IRAN: Authorities hand back Shirin Ebadi's Nobel Peace Prize medal
Iranian authorities have handed back the Nobel Peace Prize medal taken from the bank safety deposit box of laureate Shirin Ebadi, Norwegian officials acknowledged in an announcement posted on the website of the country's foreign ministry.
Unnamed Iranian officials allegedly broke into Ebadi's safety deposit box last month and swiped some of her personal belongings, including her Nobel medal.
The incident sparked a diplomatic row, with Iranian officials demanding that Norway back off and alleging that Ebadi was suspected of tax fraud, charges she called lies.
Even though Iranian officials have returned the medal, diplomats from Sweden and Norway, homes to the institutions that help administer the Nobel Prizes, called attention to her treatment during the awarding of this year's peace prize to President Obama.
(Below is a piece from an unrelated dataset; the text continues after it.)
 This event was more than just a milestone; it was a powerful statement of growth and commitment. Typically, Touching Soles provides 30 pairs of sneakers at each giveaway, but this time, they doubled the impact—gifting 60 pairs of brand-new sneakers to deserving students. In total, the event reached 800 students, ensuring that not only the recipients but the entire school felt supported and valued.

"Ms. Ebadi is prevented from working as a defender of human rights in her home country, and the Iranian authorities have closed the Defenders of Human Rights Center of which she was co-founder," Norway’s foreign minister, Jonas Gahr Stoere, and his Swedish counterpart, Carl Bildt, said in a statement issued Thursday.
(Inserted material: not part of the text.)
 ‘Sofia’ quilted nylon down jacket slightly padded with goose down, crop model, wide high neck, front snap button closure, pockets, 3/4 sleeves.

"The confiscation of the medal and the numerous threats directed at her, her family and her colleagues give cause for great concern and are yet another example of the worsened human rights situation in Iran since the election in June this year,“ the statement said.
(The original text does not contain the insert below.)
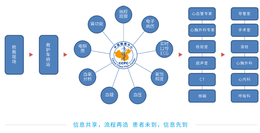 医联体模式中的「4个中心」已经建立急救「绿色通道」,患者呼叫120后,患者的病历就通过急救电子病历系统传输到医院,医院为患者提前做好术前准备,患者到院后就可直接进入手术室抢救,做到患者未到、信息先到,为医院救治患者赢得时间,大大提高抢救成功率。
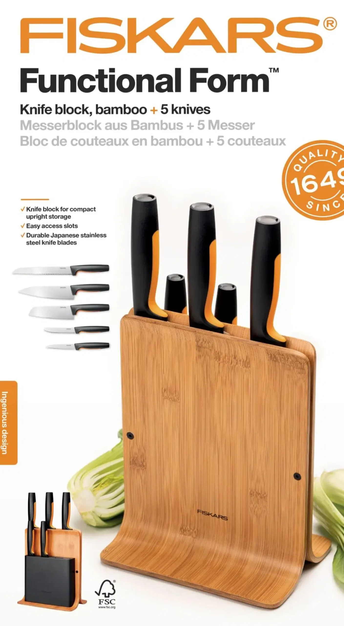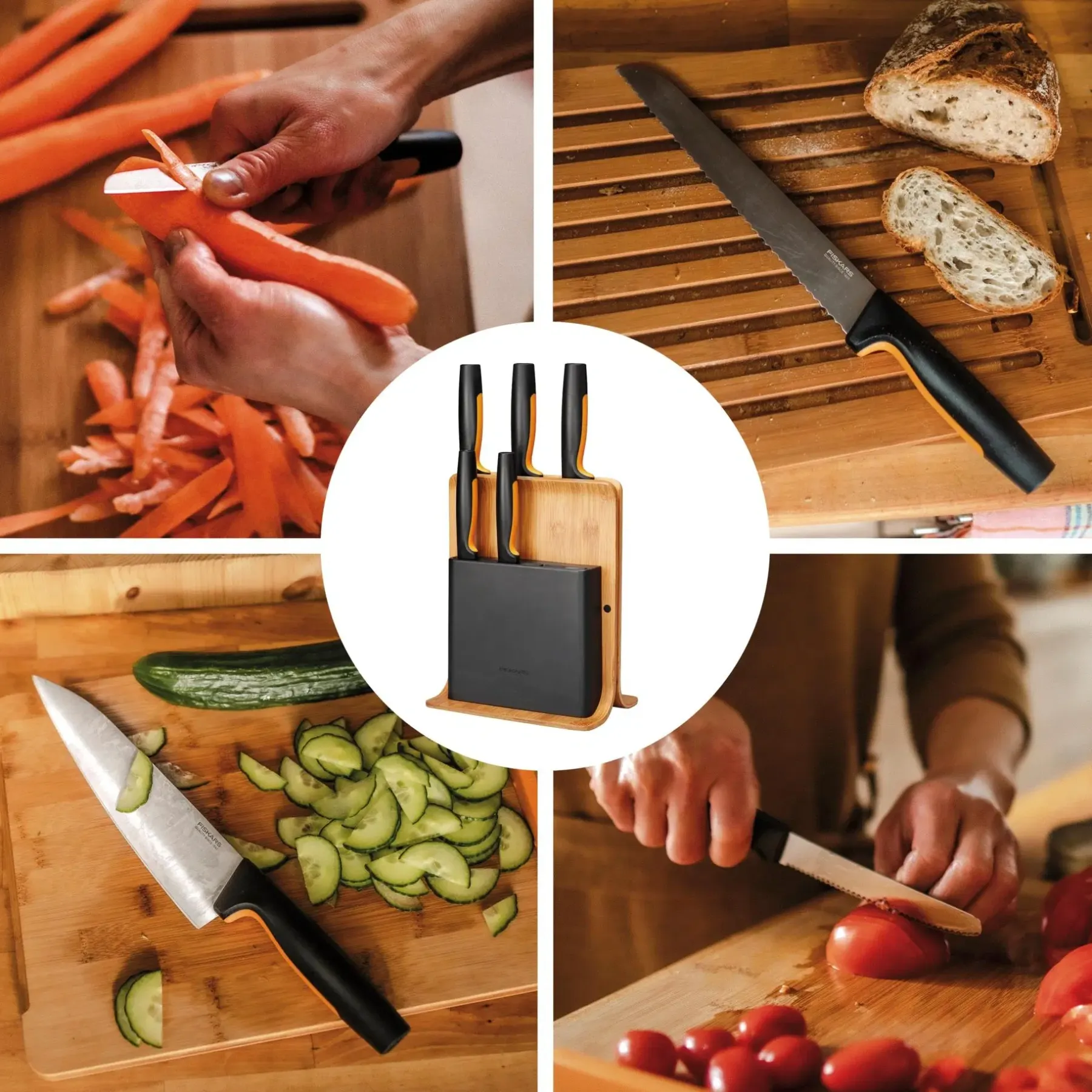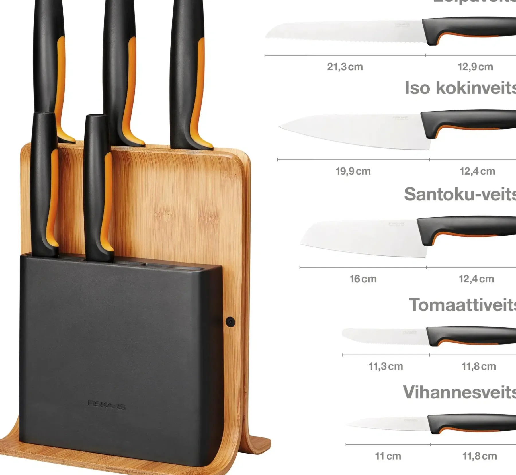 Bambusta ja muovista valmistettu veitsitukki sekä 5 tärkeintä veistä ruoanlaittoon. Kompakti pystysuuntainen säilytys ja helppokäyttöiset urat mahdollistavat tukin asettelun myös matalien kaapistojen alle.

Ebadi is currently in Europe, but that hasn't stopped Iranian hard-liners from attacking her.
A recent commentary in the right-wing Iranian newspaper Resalat said the prize proved that Ebadi had the support of "foreign enemies" of the Islamic Republic.
Another commentary in the right-wing newspaper Javan called her, along with Zahra Rahnavard, the wife of opposition leader Mir Hossein Mousavi, instruments of the West's "soft war" against Iran.Ali Avai, a spokesman for the judiciary, told the Iranian Students News Agency this week that prosecutors "intend to start comprehensive investigations" of the row over the Nobel medal and the freezing of Ebadi's assets.
-- Borzou Daragahi in Beirut
Photo: Nobel Peace Prize. Credit: Nobel Prize website









I wonder if the Iranians miss the Shah? Be careful what you wish for. You might get it.
Posted by: RC | December 13, 2009 at 12:41 AM
Another made up lie by the brutal Iranian regime to close down human rights efforts and seize people's assets. This barbaric regime is showing clear signs of desperation and doing everything possible to hand on to their power.
That day may not be here yet, but I am certain the Islamic Republic and its goons are taking their last breath. Wish all freedom loving Iranians a new democratic government in 2010.
Posted by: Anita | December 11, 2009 at 01:16 PM
The current Iranian regime is truly a collective of repressive, paranoid, and dictorial babrarians masquerading as religious conservatives. Many of us pray that one day the Republican Guards are hunted down and exterminated for the immoral homicidal savages they are along with the entire fraudulent extremist adminstration. Iran belongs in the hands of progressive Iranians, not street thugs dressed up like leaders.
Posted by: Natalie | December 11, 2009 at 12:38 PM
The Muslim Clerics can't possibly be threatened by a medal? Moreover, by a woman? Ironic. Perhaps.
Posted by: Jaunenito | December 11, 2009 at 12:34 PM
It was never "taken" in the first place. Oh, wait. I forgot... It was reported by the Media in the past, so it MUST be true, right?..
Posted by: Boris | December 11, 2009 at 11:17 AM
Great read. I am glad Ms. Ebadi got her medal back. However, a confiscated medal was always still better than one that was stolen and that the police gave up on.